Quanto mais adensadas as regiões impactadas, maiores podem ser as consequências negativas para a população. As construções irregulares na cidade de São Sebastião, que concentrou o maior número de vítimas em São Paulo, cresceram 15 vezes em 35 anos, conforme análise do MapBiomas revelada pelo GLOBO. Ao mesmo tempo, o total de habitantes do município quadruplicou. Mas mesmo cidades pacatas do interior não estão livres de intempéries. Em novembro do ano passado, um forte temporal de granizo no Sul de Minas deixou estragos em pelo menos 19 cidades da região. Em Cabo Verde, produtores rurais relataram prejuízos de quase 100%, e casas, escolas e postos de saúde foram destruídos. Mas a face da destruição é parecida em cidades grandes ou pequenas.
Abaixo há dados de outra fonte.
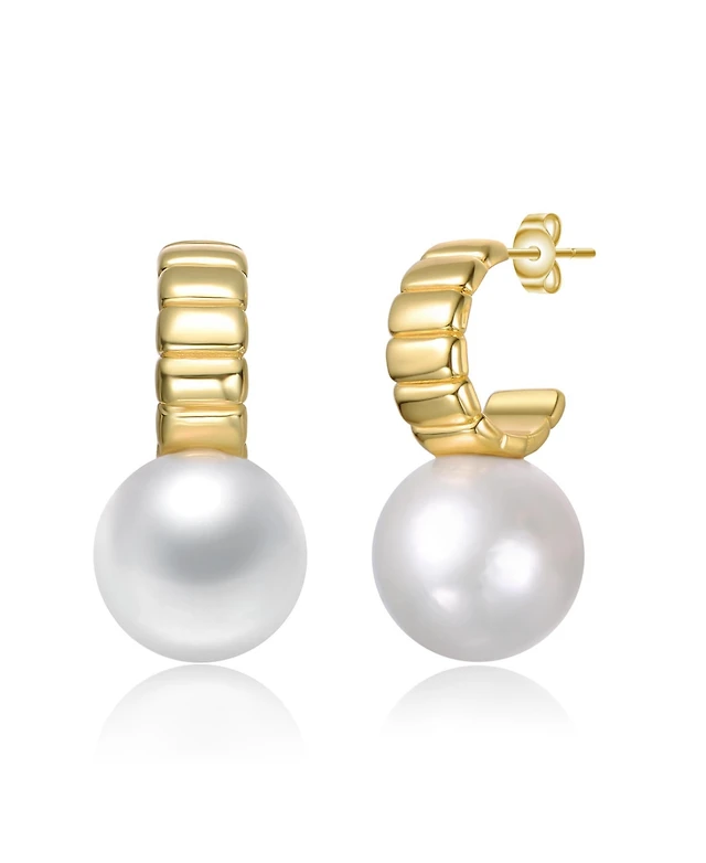 Sterling Silver 14k Yellow Gold Plated Oval White Freshwater Pearl Drop Medallion Dangle Earrings

— As populações mais vulneráveis são as que sofrem os impactos mais significativos — diz Danielle Moreira, coordenadora do Grupo de Pesquisa Direito, Ambiente e Justiça no Antropoceno (JUMA) do NIMA/PUC-Rio, frisando que o Plano Nacional de Adaptação à Mudança do Clima, de 2016, ficou engavetado nos últimos quatro anos. De 27 capitais, segundo o Iclei (Governos Locais para a Sustentabilidade), apenas 12 têm planos municipais. — Não temos políticas urbanas. Estamos falando de novas variáveis que precisam ser considerado na ocupação urbana, como calor extremo e locais que podem ficar submersos no futuro — alerta a pesquisadora.

Desigualdade é desafio

A explicação para a dimensão da tragédia que assolou o Litoral Norte de São Paulo tem raízes na desigualdade. Ela se combinou a anos de ineficiência política, ausência de programas habitacionais e de prevenção. Uma mistura que foi explosiva em tempos de alterações importantes no clima do planeta.

— Começa de um histórico excludente do processo de urbanização. Iniciativas ligadas ao turismo, à exploração de gás e petróleo e atividades de logística, com porto e expansão de rodovias, atraem a população, sem um planejamento urbano efetivo. Além disso, há as ocupações e as características geográficas do relevo. E, por fim, veio o temporal — observa o demógrafo César Marques, professor da Escola Nacional de Ciências Estatísticas do IBGE. — Uma das maiores questões do litoral são as casas de uso ocasional. Entre 30% a 50% das moradias nestes lugares não são permanentes, o que cria uma pressão no mercado imobiliário e restringe o uso mais seguro do terreno e de mais infraestrutura.

Procurada pelo GLOBO, a prefeitura de São Sebastião informou que, em 2017, início da atual gestão, a cidade tinha 107 núcleos urbanos informais e que “não recebe verba para prevenção de desastres naturais desde 2013”. O governo de São Paulo não retornou.